FEINSTEIN: Easy, Johnson.
JOHNSON: What do you think, son? Do you have what it takes to work in a neuroscience lab?
FOLMSBEE: Well, I did graduate with a degree in Neurobiology from—
JOHNSON: interrupting I don’t care! This isn’t like those glamorous scientists you see on TV. There are no supermodels, no private jets, no henchmen. Just you, your bench, and the occasional cocaine party. You aren’t ready, kid. You’ll just screw things up.
FOLMSBEE: From what it looks like, I’m not the problem here.
[JOHNSON stares at FOLMSBEE.]
FEINSTEIN: Hey, there’s something else you should know, Johnson. He’s not just with the graduate program. He’s an MD/PhD student.

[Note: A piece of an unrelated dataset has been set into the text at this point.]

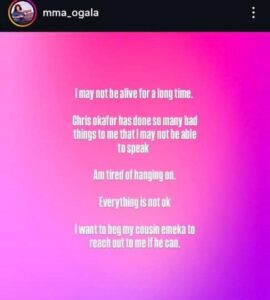 “Chris Okafor has done so many bad things to me that I might not be able to speak. Everything is not okay,” she wrote.

JOHNSON: his mouth hangs open in rage He’s with the medical school? There’s no way I’m working with him now! We’ve been fighting with them over jurisdiction on this research project for months now. Remember that axon-pathfinding paper we almost had published before it was stolen by those patient-coddlers? We don’t need a future stethoscope-pusher hanging around our lab.
The phone rings, and FEINSTEIN answers it.
FEINSTEIN: Yeah? Really? Glutamatergic and GABAergic neurotransmitter vesicles? All right. I’ve got the perfect guys for the job. [He hangs up phone.]
FEINSTEIN: My inside man over at Nature Neuroscience tells me that those pseudo-scientists over at that Hopkins lab are trying to scoop us on your paper, Johnson. My pal is going to work over their submitted manuscript with some nasty reviews, but I’m going to need you two to get down to your bench and get me some electron microscopy images so we take ’em out.
JOHNSON: I can do this in my sleep. I don’t need this joker.
FEINSTEIN: Last time you got EM pics, it took us two weeks to clean out the viewing room.
JOHNSON: Hey, it’s not my fault that most of those solvents were flammable.
FEINSTEIN: All right, you two get to work. Here’s your gun, Stephen.
FOLMSBEE: Why do I need a gun?
FEINSTEIN: Don’t worry, it’s a science gun.
Confused, FOLMSBEE leaves the office. JOHNSON glares at FEINSTEIN, and then follows. FEINSTEIN pours himself a scotch out of a graduated cylinder.
FEINSTEIN: I’m getting too old for this neuroscience.